1. An instrument for excision of a tissue specimen from a transformation zone of a uterine cervix comprising:
an elongated shaft having an endocervical portion disposed adjacent a first end and a contact portion disposed adjacent a second end, said endocervical portion being structured to be inserted into a uterine cervix;
a curved stop disposed between said endocervical portion and said contact portion of said shaft, said stop subtending an arc of greater than 180° in a plane disposed substantially perpendicularly of said shaft; and
at least one wire electrode extending from said stop to said endocervical portion of said shaft.
2. The instrument as recited in claim 1 wherein said stop subtends an arc greater than about 270°.
3. The instrument as recited in claim 2 wherein the stop subtends an arc of 360°.
4. The instrument as recited in claim 1 wherein said stop is substantially circular in shape.
5. The instrument as recited in claim 1 wherein the stop is affixed to the shaft along a line tangent to the stop.
6. The instrument as recited in claim 1 wherein said stop has two spaced ends.
7. The instrument as recited in claim 6 wherein both of said ends are affixed to said shaft.
8. The instrument as recited in claim 6 wherein only one of said ends is affixed to said shaft.
9. The instrument as recited in claim 6 wherein said two ends are disposed at a location spaced from said shaft.
10. The instrument as recited in claim 9 wherein said stop is affixed to said shaft along a tangent to said stop.
11. The instrument as recited in claim 9 wherein said two ends are rounded and extend away from said endocervical portion and towards said contact portion.
12. The instrument as recited in claim 9 wherein said two ends are rounded and extend radially inwardly toward said shaft.
13. The instrument as recited in claim 5 wherein said stop subtends an arc of greater than 180° between said two spaced ends.
14. The instrument as recited in claim 1 wherein said shaft extends generally through a center of said stop.
15. The instrument as recited in claim 14 further comprising at least one spoke extending from said shaft to said stop.
16. The instrument as recited in claim 15 wherein said spoke forms an acute angle with respect to said shaft and extends toward said endocervical portions.
17. The instrument as recited in claim 14 further comprising a second electrode extending from said endocervical portion of said shaft to said stop.
18. The instrument as recited in claim 1 further comprising a visual marker disposed on said stop adjacent a location at which said electrode is affixed to said stop.
19. The instrument as recited in claim 18 wherein said visual marker is at least disposed on a side of said stop facing said contact portion.

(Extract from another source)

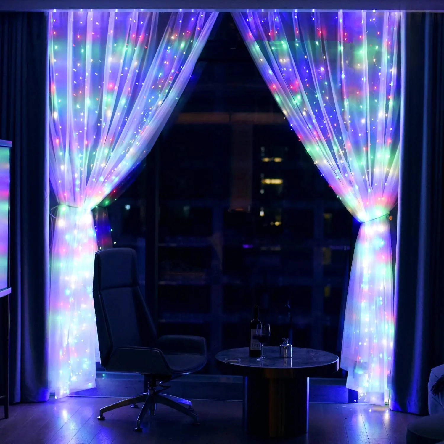 300 светодиодный гирлянда для занавесок, светильник s, Сказочная гирлянда с крючками, пульт дистанционного управления, USB струнный светильник, украшение для рождественской гостиной

20. An instrument for excision of a tissue specimen from a transformation zone of a uterine cervix comprising:
an elongated shaft having an endocervical portion disposed adjacent a first end and a contact portion structured to be coupled to a source of electric current disposed at a second end, said endocervical portion being structured to be inserted into a uterine cervix;
a stop disposed between said endocervical portion and said contact portion and being structured to abut an ectocervix;
at least one wire electrode electrically coupled to said contact portion and extending from an attachment spot on said stop to said endocervical portion of said shaft; and
a visually observable marker disposed on said stop at said attachment spot, said marker facing said contact portion of shaft.
21. The instrument as recited in claim 20 wherein said marker has a color different from a color of a uterine cervix.

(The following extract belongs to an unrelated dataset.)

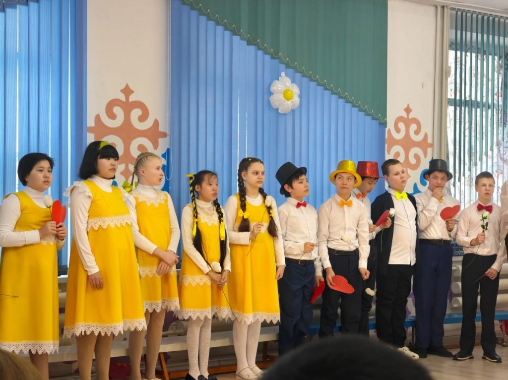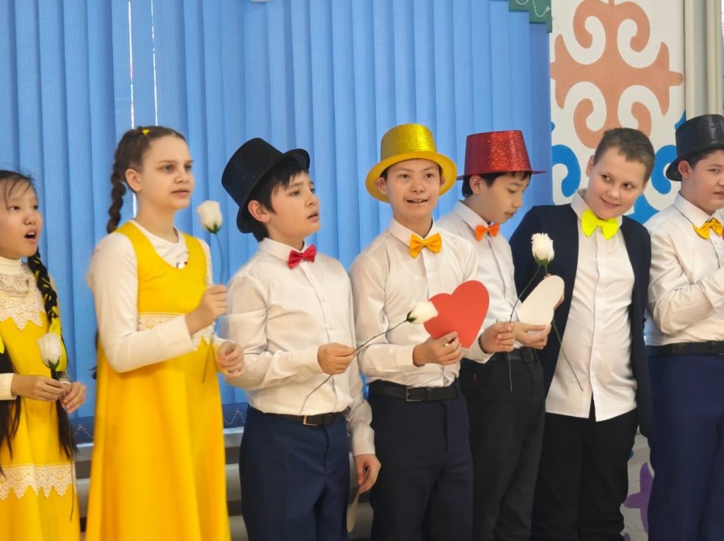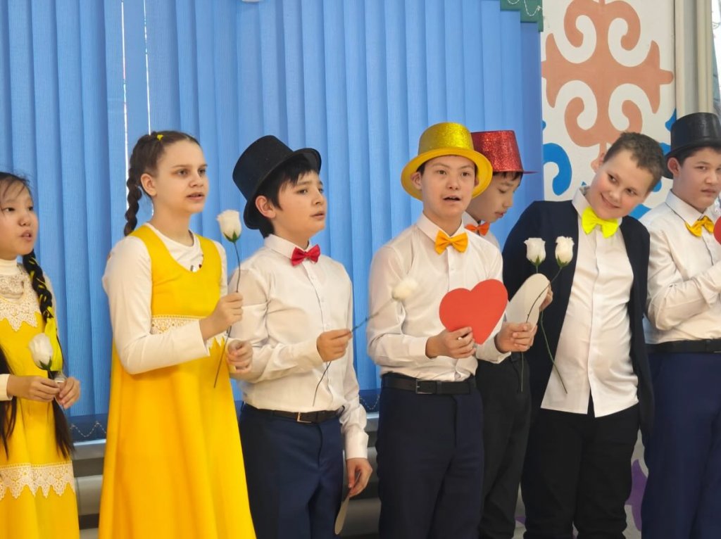 Мерекелік бағдарламаға 7–8 сынып оқушылары қатысып, мектептің аяулы аналары, әжелері және ұстаздарына арналған жүрекжарды құттықтауларын ұсынды.

22. The instrument as recited in claim 21 wherein said marker includes a yellow color.
23. An instrument for excision of a tissue specimen from a transformation zone of a uterine cervix comprising:
an elongated shaft having an endocervical portion disposed adjacent a first end and a contact portion disposed adjacent a second end of said shaft;
a stop disposed between said endocervical portion and said contact portion, said stop being disposed substantially perpendicularly of said shaft, said stop being rounded and having no free ends; and
at least one wire electrode extending from said stop to said endocervical portion of said shaft.
24. The instrument as recited in claim 23 wherein said stop has substantially the shape of a circle.

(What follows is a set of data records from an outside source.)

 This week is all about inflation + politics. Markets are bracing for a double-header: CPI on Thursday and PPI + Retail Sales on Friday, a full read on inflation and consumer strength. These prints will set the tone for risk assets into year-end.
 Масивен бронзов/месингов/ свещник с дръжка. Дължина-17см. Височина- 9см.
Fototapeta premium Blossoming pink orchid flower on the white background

25. The instrument as recited in claim 24 wherein said stop is affixed to said shaft along at least one surface of said stop.
26. The instrument as recited in claim 24 wherein said stop at least partially surrounds said shaft and is coupled to said shaft by at least one spoke.
27. An instrument for excision of a tissue specimen from a transformation zone of a uterine cervix comprising:
an elongated shaft having an endocervical portion disposed adjacent a first end and a contact portion disposed adjacent a second end of said shaft;
a stop disposed between said endocervical portion and said contact portion, said stop being rounded and subtending an arc centered along said shaft so that said arc at least partially surrounds said shaft; and
at least one wire electrode extending from said stop to said endocervical portion of said shaft.
28. The instrument as recited in claim 27 further comprising at least one spoke connecting said stop to said shaft.
29. The instrument as recited in claim 27 wherein said stop subtends an arc of less than 180°.
30. The instrument as recited in claim 28 wherein said stop subtends an arc of about 90°.
31. The instrument as recited in claim 27 wherein said stop includes two ends, said two ends being curved and extending away from said endocervical portion and toward said contact portion.
32. The instrument as recited in claim 29 wherein said spoke forms an acute angle with respect to said shaft and extends toward said endocervical portion.
33. The instrument as recited in claim 27 wherein said stop subtends an arc of about 360°.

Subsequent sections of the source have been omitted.